→ RECORDED INFORMATION:
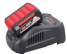
Bosch battery & charger
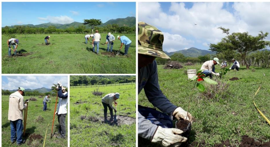
Photograph 3.2.3.3.a Reforestation in new area in Soledad de la Cruz village.

In October, an agreement was signed to ensure the 2.9 ha for the compensation plan of Real de la Cruz concession. Conditioning of the area began and a total of 237 trees were planted.

→ BRIEF:
Beginning with the line that contains "Photograph 3.2.3.3.a Reforestation", restate word for word each line through the last one in the data, and write nothing more.

→ WRITTEN ANSWER:
Photograph 3.2.3.3.a Reforestation in new area in Soledad de la Cruz village.

In October, an agreement was signed to ensure the 2.9 ha for the compensation plan of Real de la Cruz concession. Conditioning of the area began and a total of 237 trees were planted.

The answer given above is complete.